Discoverability can be broken down into four component experiences; affordance establishes our relationship with an item, signifiers point us in the direction of their use, constraints establish boundaries and peak capabilities, mapping enables functionality and the end feedback dictates our future use. If all conditions are met, an ongoing relationship is established – which Wheeler calls a conceptual model.
For example, a chair can provide you with a place to sit (affordance), and you note that the seat of it seems to be where you plant your backside (signifier). Once you sit down you won’t be able to move too far (constraint), the motion of sitting is pretty easy (mapping) and you’re comfortable once you sit down (feedback). So it’s likely you may use the chair again (conceptual model).
Work, damn you!
The other possible outcome to the above scenario is that one or many of the conditions isn’t satisfied, and this results in failed expectations. When this happens, we humans lose our shit. As an example, think of the door-close button on an elevator. Have you only ever pressed it once? Or, after initially pressing it and seeing nothing happen (no feedback) do you then proceed to hammer it until the elevator doors close?

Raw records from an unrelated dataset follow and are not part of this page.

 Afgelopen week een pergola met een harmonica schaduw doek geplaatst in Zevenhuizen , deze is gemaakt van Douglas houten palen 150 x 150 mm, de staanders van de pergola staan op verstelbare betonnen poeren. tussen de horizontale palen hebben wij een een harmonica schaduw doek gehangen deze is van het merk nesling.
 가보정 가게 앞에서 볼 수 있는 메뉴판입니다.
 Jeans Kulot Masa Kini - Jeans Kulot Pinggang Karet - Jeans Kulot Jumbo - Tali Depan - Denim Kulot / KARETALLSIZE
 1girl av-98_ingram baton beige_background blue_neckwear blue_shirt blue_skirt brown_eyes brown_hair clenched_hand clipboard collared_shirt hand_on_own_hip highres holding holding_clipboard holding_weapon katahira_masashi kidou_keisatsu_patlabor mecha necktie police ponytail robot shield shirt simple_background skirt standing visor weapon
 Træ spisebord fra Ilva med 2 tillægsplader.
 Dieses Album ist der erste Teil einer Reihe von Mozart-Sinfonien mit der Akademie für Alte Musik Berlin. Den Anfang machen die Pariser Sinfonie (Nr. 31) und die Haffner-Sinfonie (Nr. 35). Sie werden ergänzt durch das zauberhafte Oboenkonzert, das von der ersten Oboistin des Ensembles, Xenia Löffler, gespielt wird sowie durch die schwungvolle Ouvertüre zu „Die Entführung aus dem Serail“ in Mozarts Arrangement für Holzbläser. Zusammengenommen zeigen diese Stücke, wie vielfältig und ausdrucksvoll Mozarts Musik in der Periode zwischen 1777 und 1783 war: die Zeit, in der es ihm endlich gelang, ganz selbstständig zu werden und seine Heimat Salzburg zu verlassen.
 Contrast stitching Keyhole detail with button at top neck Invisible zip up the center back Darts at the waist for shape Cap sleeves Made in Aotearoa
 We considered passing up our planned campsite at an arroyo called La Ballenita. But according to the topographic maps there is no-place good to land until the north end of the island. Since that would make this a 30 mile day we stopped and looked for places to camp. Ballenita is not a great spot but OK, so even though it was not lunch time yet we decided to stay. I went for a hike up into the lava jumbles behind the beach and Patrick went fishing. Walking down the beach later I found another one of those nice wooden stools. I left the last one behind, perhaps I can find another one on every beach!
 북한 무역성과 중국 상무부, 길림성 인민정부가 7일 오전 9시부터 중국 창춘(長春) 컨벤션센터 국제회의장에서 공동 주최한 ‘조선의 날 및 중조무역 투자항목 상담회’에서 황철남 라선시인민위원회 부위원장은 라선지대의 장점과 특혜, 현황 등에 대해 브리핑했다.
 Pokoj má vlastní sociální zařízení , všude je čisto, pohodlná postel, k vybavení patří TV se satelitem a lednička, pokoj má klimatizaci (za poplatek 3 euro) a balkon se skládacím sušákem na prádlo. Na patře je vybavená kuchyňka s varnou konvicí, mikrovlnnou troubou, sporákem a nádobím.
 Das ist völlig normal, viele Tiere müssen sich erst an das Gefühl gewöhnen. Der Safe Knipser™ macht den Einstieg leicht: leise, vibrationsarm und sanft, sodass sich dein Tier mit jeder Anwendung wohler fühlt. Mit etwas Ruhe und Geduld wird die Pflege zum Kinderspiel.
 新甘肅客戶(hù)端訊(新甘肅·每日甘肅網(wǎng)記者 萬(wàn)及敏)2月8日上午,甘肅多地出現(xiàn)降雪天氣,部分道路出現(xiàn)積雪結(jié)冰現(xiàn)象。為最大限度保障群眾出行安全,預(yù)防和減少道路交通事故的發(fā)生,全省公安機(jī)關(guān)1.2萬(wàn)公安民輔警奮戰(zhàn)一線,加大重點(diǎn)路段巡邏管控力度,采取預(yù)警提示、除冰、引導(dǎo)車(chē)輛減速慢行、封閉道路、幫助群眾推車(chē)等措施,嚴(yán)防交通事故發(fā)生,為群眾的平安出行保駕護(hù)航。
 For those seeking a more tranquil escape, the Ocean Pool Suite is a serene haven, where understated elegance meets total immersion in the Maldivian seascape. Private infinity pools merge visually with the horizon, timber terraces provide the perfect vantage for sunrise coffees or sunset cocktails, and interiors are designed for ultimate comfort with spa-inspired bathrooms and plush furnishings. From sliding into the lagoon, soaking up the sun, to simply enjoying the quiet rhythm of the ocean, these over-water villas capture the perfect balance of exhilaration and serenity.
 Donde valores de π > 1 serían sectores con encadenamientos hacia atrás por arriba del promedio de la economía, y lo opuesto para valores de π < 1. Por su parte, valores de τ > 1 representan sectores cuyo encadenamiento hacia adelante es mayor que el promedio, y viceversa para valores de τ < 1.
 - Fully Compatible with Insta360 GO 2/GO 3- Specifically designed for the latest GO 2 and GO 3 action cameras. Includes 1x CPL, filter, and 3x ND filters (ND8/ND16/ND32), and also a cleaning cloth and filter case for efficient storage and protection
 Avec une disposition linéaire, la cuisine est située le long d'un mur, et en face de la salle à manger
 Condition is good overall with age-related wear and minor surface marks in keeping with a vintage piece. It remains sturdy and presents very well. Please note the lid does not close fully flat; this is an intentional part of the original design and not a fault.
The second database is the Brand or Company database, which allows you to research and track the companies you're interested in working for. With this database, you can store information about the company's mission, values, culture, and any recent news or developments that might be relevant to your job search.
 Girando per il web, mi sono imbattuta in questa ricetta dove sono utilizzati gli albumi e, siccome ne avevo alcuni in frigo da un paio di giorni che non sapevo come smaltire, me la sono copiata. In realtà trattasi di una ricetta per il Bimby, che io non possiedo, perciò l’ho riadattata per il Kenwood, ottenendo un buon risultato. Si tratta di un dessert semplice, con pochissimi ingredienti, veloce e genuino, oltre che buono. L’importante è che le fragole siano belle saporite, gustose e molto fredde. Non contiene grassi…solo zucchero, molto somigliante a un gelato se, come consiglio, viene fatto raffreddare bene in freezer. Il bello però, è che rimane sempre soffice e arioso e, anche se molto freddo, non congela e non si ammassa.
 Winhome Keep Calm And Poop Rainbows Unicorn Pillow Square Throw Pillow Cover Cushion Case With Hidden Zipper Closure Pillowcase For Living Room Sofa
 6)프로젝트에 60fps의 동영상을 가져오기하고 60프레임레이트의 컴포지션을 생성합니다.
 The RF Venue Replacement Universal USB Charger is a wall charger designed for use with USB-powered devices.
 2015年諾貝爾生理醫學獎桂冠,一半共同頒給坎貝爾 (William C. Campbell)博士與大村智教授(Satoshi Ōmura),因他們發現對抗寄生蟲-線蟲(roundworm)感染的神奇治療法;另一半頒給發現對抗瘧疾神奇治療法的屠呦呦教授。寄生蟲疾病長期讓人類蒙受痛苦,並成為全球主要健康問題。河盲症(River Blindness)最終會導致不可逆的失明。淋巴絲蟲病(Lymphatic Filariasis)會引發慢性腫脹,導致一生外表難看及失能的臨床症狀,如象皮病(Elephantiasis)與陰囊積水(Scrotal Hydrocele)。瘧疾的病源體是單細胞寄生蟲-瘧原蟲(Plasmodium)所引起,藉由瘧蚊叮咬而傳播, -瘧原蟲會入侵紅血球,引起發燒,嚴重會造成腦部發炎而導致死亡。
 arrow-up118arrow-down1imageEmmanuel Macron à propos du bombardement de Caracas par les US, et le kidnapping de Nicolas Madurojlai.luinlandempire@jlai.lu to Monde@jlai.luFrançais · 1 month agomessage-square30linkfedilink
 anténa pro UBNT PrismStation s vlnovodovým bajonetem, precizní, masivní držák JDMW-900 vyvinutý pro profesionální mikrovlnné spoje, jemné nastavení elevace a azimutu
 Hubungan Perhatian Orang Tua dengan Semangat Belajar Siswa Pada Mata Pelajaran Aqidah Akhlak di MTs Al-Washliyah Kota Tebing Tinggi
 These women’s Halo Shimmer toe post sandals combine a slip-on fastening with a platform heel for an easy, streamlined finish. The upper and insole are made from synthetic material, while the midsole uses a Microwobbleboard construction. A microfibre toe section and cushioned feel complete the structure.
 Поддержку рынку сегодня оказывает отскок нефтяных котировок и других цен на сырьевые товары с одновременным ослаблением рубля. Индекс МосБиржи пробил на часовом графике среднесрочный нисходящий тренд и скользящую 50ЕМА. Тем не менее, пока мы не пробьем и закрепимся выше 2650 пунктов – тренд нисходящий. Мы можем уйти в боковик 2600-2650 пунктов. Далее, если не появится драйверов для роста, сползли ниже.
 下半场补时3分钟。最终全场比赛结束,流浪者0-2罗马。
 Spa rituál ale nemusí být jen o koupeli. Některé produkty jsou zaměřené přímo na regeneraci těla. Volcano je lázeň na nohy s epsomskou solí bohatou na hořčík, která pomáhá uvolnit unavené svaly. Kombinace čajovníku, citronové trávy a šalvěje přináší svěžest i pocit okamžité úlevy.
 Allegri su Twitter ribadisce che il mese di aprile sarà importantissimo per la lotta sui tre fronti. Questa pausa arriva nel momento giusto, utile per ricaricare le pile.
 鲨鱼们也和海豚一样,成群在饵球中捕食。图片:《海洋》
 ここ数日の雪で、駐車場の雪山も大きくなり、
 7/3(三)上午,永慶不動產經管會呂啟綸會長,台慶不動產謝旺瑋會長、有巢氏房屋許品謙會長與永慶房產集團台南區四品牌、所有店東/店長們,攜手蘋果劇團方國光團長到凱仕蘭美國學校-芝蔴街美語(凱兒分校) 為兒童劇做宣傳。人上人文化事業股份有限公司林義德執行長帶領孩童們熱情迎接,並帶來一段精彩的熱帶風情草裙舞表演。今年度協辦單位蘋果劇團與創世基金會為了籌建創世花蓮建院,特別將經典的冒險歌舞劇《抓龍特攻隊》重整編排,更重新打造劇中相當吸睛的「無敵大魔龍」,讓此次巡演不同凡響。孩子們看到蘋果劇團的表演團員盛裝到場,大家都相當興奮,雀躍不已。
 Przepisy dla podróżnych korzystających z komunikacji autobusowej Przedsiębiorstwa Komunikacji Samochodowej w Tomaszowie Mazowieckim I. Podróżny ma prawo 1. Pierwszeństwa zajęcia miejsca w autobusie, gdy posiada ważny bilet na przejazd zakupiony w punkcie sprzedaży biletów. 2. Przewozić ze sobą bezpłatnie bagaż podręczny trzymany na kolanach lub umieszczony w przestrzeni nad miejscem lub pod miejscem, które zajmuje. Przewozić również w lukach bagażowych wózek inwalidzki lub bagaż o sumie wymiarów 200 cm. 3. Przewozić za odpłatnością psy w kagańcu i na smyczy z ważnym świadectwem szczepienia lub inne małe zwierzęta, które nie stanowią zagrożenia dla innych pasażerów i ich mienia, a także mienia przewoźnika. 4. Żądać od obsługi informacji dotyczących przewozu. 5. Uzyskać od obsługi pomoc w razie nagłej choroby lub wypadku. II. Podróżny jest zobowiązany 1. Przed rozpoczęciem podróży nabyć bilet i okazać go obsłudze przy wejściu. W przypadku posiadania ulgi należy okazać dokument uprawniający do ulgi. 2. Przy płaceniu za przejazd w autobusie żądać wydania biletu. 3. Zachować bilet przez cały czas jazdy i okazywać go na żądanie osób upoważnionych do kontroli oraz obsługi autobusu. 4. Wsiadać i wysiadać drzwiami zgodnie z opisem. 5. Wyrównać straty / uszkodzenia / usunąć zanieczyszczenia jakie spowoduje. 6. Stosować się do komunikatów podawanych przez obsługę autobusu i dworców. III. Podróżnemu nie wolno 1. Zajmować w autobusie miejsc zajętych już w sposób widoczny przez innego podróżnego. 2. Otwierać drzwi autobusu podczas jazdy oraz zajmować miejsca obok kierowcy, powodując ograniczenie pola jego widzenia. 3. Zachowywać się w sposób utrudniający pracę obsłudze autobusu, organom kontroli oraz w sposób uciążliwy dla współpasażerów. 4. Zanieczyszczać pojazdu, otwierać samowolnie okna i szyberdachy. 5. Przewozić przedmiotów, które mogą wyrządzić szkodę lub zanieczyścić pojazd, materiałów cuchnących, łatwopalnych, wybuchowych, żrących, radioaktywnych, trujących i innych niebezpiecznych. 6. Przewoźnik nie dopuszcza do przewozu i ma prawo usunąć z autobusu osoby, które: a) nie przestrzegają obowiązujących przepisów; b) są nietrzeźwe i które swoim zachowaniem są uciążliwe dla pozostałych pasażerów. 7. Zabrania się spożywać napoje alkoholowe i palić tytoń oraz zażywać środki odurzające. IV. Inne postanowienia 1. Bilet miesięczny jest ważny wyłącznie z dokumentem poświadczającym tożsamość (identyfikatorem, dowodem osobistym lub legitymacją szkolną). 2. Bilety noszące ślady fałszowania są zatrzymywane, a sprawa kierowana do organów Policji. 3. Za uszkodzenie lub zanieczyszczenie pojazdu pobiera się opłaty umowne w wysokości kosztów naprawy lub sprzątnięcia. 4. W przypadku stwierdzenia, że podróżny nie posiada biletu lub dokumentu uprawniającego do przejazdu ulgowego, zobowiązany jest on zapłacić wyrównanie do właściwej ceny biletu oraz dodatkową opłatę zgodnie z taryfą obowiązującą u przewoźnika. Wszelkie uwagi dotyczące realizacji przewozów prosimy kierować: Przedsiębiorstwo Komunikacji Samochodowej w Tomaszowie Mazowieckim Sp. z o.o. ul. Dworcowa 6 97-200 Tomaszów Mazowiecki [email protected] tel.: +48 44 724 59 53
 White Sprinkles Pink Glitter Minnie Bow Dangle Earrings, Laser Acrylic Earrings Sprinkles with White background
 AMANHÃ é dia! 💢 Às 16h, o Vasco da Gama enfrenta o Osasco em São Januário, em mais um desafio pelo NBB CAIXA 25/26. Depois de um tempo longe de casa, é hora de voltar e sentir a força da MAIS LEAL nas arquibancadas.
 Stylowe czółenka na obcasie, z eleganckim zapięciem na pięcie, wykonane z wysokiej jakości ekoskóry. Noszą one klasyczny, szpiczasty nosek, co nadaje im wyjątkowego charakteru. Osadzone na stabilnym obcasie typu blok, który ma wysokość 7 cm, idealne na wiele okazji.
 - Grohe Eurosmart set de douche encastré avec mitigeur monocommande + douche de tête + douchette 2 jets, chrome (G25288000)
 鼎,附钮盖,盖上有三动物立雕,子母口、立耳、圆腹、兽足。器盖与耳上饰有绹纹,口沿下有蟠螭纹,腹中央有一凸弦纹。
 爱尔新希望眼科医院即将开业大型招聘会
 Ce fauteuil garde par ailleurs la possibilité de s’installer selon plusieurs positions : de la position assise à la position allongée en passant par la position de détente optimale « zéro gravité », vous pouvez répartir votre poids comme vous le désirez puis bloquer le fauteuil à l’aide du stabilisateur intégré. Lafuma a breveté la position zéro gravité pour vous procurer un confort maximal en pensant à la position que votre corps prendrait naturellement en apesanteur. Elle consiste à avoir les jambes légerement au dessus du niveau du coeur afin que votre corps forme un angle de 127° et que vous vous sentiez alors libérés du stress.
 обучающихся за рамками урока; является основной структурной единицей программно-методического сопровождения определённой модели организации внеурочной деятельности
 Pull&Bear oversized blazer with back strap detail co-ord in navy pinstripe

That’s a completely human reaction – and the same thing happens with regards to software. When a program or app doesn’t behave as advertised humans react badly. Chatbots are in a higher risk category in this regard, since due to the uncanny valley effect, most of us don’t like them to begin with. This all makes bot development something of a logistical minefield for creators.
Avoiding the uncanny valley
Wheeler says, however, there are a couple of rules of thumb developers can bear in mind when creating bots that may help them in their endeavour. First, avoid uncanny behaviour; you don’t mind a bot telling you your bank balance, but you wouldn’t really want its consolations on the death of a loved one. Remorse and culpability simply aren’t believable when expressed by a bot.
Second, never make consumers start over. If an exchange between a bot and a human results in the latter having to restart an entire query process, development has failed.
A strength of personality for your bot can be an asset, depending on what field it’s deployed in. For example the developers behind Nabu, a bot deployed as a medical assistant, had a Hollywood screenwriter create an entire back story for the AI in order to deepen its interaction with patients. This helped immensely with consistency in order to build trust between the bot and the patient. Since the bot was housed in a cute cartoon-like shape, there was never any chance of patients descending into uncanny valley
Above all, Wheeler says, don’t think of bots as replacements for humans. They’re not – and at this stage that can’t be. Think of them the same way you would a calculator; the device alone is not going to progress in the field of maths, but it won’t make errors.
Take a human and a bot and you have a powerful combination. Bots aren’t replacements, they’re forced multipliers. That’s how they should be used.